Multi-word modular arithmetic (MoMA) decomposes large bit-width integer arithmetic into machine-word-based operations. We implemented MoMA as a rewrite system using SPIRAL as an extension of the SPIRAL NTTX package. For more details, please view the full paper here.
*not required if you plan to use only pre-generated code
Install SPIRAL following the instructions in this guide and ensure it passes all basic tests on your platform by running make test in the build directory.
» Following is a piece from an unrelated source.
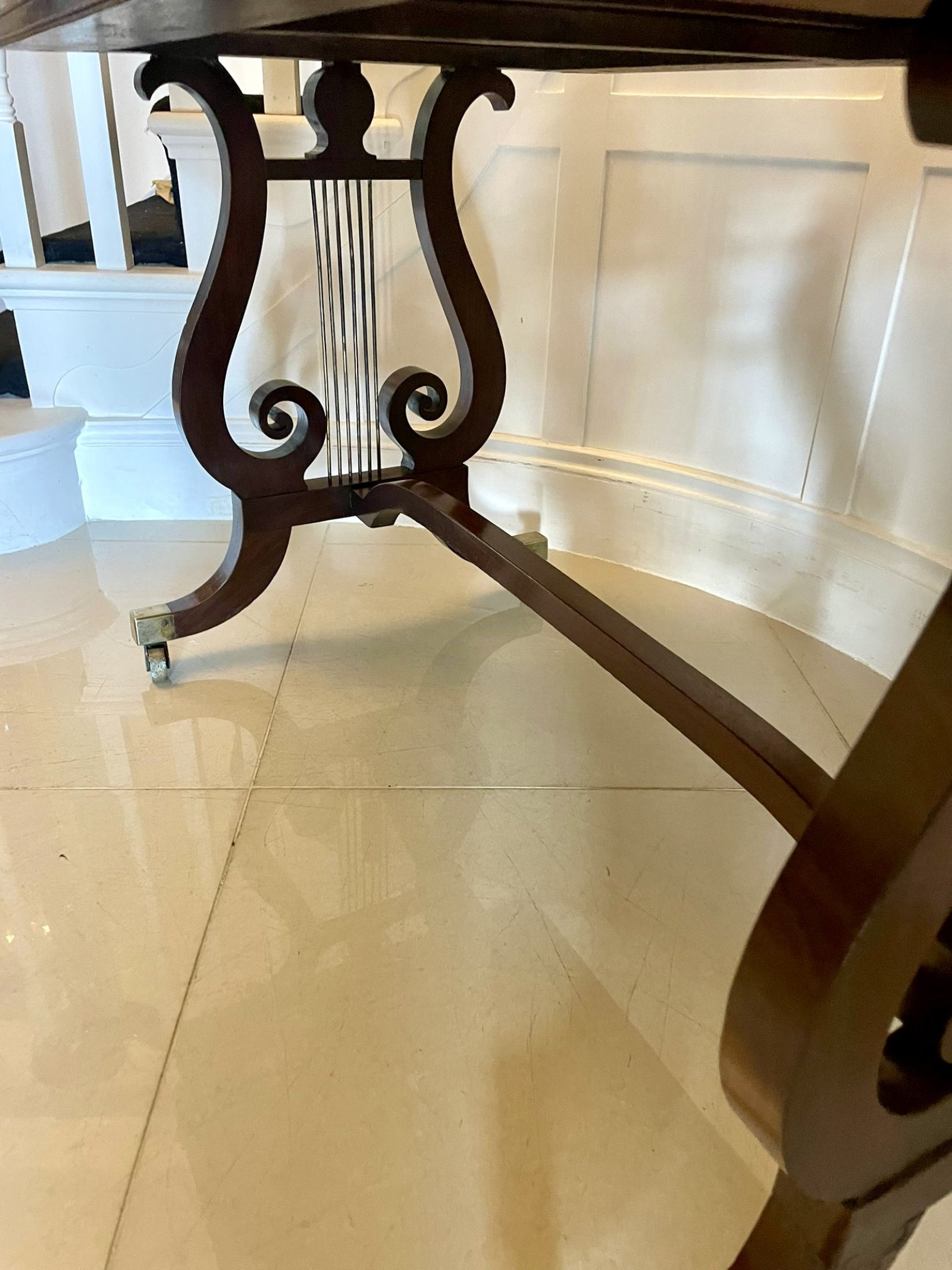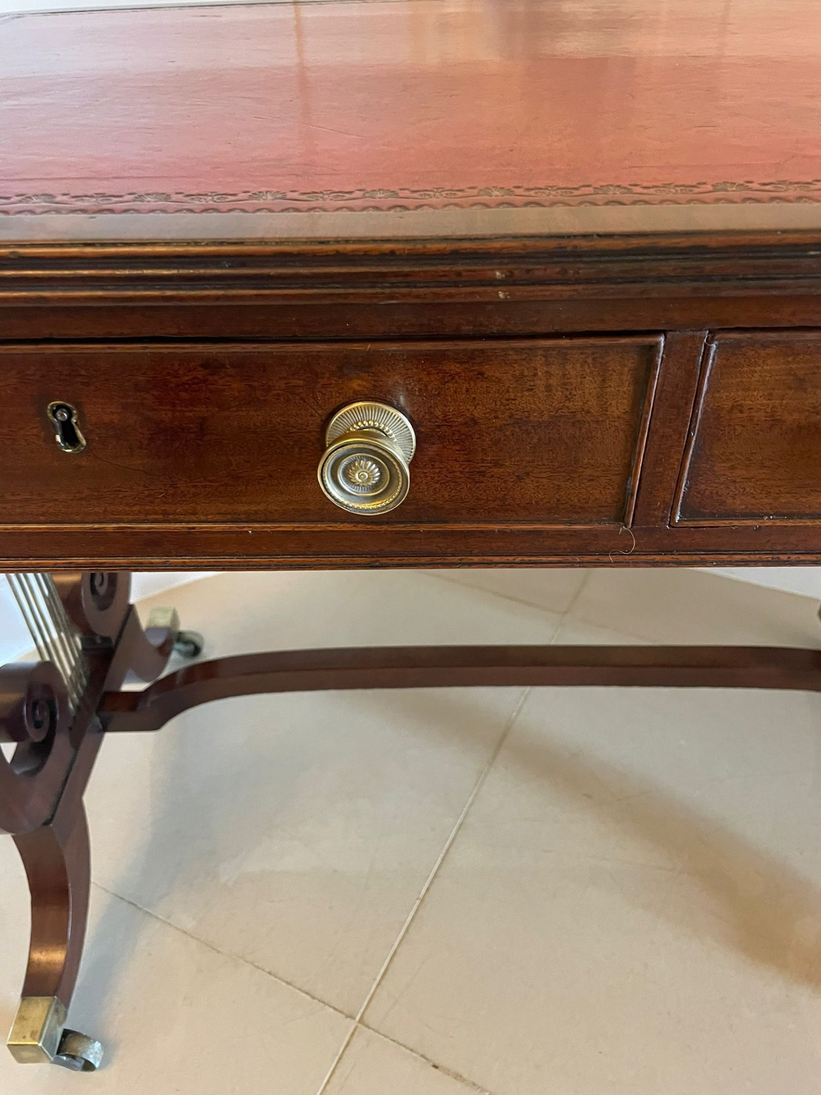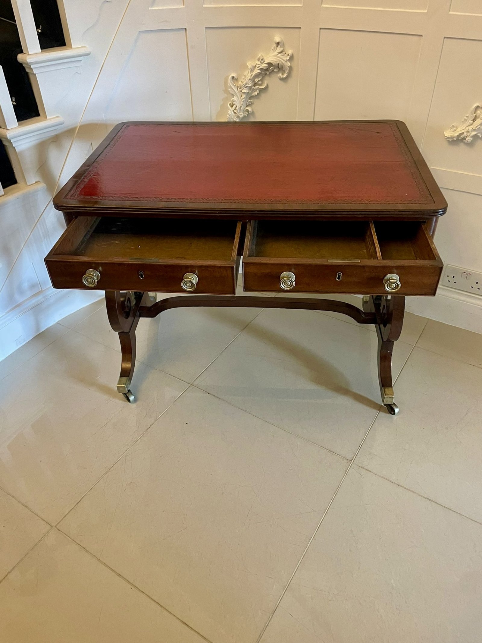 Superb quality antique regency mahogany free standing writing desk having a superb quality mahogany top with a reeded edge and a red leather writing surface above two drawers and two dummy drawers with a cockbeeded edge and original brass knobs supported by fantastic lyre end shaped supports with brass columns standing on shaped sabre legs with original brass cup castors untied by a mahogany stretcher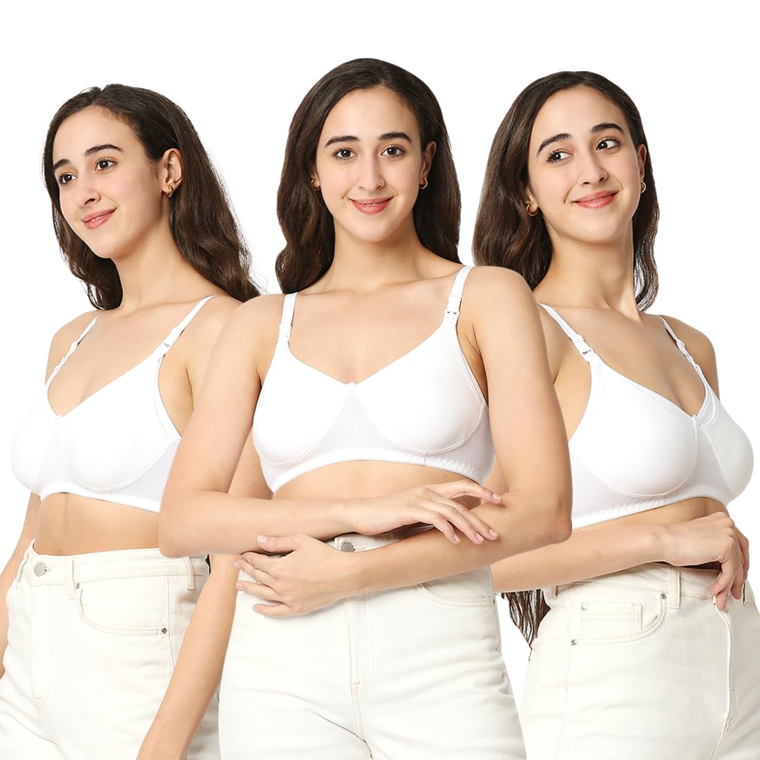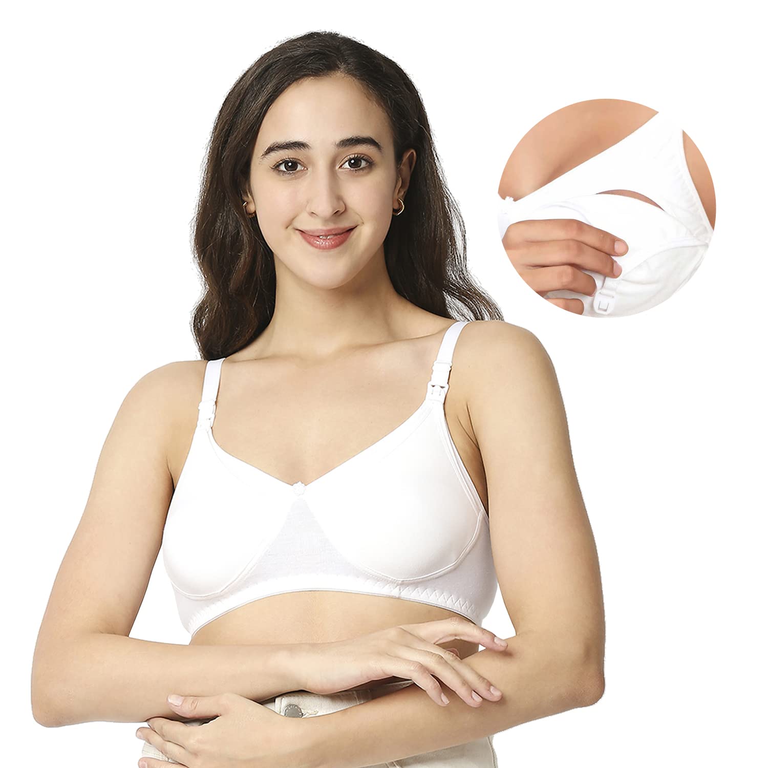 A feeding bra also known as a nursing bra is specially designed to provide comfort support and convenience for breastfeeding mothers. Unlike regular bras it features easy-access panels or cups that can be unclipped or pulled down to allow for quick and discreet breastfeeding or pumping. These bras are essential for new mothers as they make the process of breastfeeding smoother and more comfortable both at home and on the go. Made of 100% cotton with extra-soft elastic for ease of wear Front clasp with drop clip to breastfeed quickly. Non-wired for utmost comfort Equipped with thicker straps broader sides and a deeper center front for complete support Non-wired for utmost comfort Ergonomically designed fabric to aid in breastfeeding. Machine washable. Available in ALL sizes - 34 36 38 126 and cup sizes - B C D and neutral colors to suit your preferences.

In the spiral-software/namespaces/packages/ subdirectory of your SPIRAL installation tree, clone this repository and its dependencies using the following commands:
git clone https://github.com/Naifeng/moma.git nttx
git clone -b develop https://github.com/Naifeng/spiral-package-fftx.git fftx
git clone -b develop https://github.com/Naifeng/spiral-package-simt.git simt
The packages subdirectory should then look like this:
packages
└────fftx
└────simt
└────nttx (this repository)
│ README.md (this file)
│ ...
Once SPIRAL is installed and linked with this repository, run the following command in the nttx/cuda/cuda-test/ directory to benchmark MoMA-based number theoretic transforms (NTTs) for a specific input bit-width:
bash ./benchmark.sh -d <input_bit_width>
Supported input bit-widths are 128, 256, 384, and 768.
If you are running the code in this repository on one of the three platforms detailed in the paper (H100, V100, RTX 4090), you can enable platform-specific performance tuning by using the -p option. For example, to benchmark MoMA-based NTTs on an H100, run:
bash ./benchmark.sh -d 128 -p h100
You can type bash ./benchmark.sh -h for a detailed description of the available options. You can also check the correctness and profiling information of the NTT code by inspecting cuda/cuda-test/log.txt during the benchmarking process. Note that for each batch size, the log.txt file will overwrite the previous one.
Sample output
-
The output will be displayed in the terminal window after the benchmark script finishes running. The following is a sample output obtained on an H100 by running the command above:
================================================================================
Results
================================================================================
NTT size [log2] Runtime per butterfly [ns] Runtime per NTT [ns]
8 0.010 11
9 0.011 25
10 0.012 60
11 0.023 256
12 0.015 372
13 0.017 880
14 0.014 1623
15 0.013 3220
16 0.013 6806
17 0.013 14645
18 0.014 31897
19 0.014 68754
20 0.015 155018
21 0.015 324608
22 0.014 663467
For optimal NTT performance, platform-specific tuning can be performed within the code generation pass. We have incorporated known performance tuning information for V100, H100, and RTX 4090 into the SPIRAL code generation pass as a knowledge base. Users can enable this tuning using the -p option with benchmark.sh. For other platforms, the -p option can be omitted, which will default to -p general.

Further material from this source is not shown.